The general structure of each transform class is as follows.

Hide code cell source
class TransformBoundingBoxes(torch.nn.Module):

    def __init__(self):
        super().__init__()

    def forward(self, target):
        boxes = target['boxes']
        labels = target['labels']

        ... # Modify boxes and labels as needed

        target['boxes'] = boxes
        target['labels'] = labels
        return target

Usage#

To use the SingleClassPreprocess transform, simply instantiate it with the desired category and the image preprocessing, then pass it to a dataset (either VOCDataset or FilteredVOCDataset).

Hide code cell source
from torchvision.datasets import VOCDetection, wrap_dataset_for_transforms_v2

CATEGORY = "person"

weights = MobileNet_V3_Large_Weights.DEFAULT
preprocess = weights.transforms()
transforms = SingleClassPreprocess(CATEGORY, preprocess)

voc = VOCDetection(".data/", transforms=transforms)
voc = wrap_dataset_for_transforms_v2(voc)

image, target = voc[0]

To check for correctness, you can visualize an image and its bounding box before and after applying the preprocessing. (For visualization, you need to convert the bounding box back to absolute coordinates.)

Original

With Preprocessing

Before Transform

After Transform

Summary#

In a nutshell, this is what you should do in preparation for training.

  • Instanciate the FilteredVOCDetection dataset with the SingleClassPreprocess transform.

  • Create a DataLoader to iterate over the dataset in batches. (No shuffle.)

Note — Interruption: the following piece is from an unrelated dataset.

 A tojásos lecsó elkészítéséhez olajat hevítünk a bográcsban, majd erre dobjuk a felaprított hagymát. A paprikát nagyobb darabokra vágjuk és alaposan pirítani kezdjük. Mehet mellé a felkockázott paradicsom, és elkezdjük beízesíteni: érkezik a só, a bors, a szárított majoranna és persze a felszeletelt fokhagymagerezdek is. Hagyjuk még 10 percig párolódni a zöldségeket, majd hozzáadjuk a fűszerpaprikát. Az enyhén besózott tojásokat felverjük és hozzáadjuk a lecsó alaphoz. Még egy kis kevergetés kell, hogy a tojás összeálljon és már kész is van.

  • Loop through the dataset to extract features from the images. Store the resulting features, labels, and bounding boxes in three separate lists.

  • Once the loop is complete, convert the lists into PyTorch tensors and save them using torch.save.

Afterwards, you can load the tensors back with torch.load and wrap them in a TensorDataset. This dataset can then be used for training without any further preprocessing.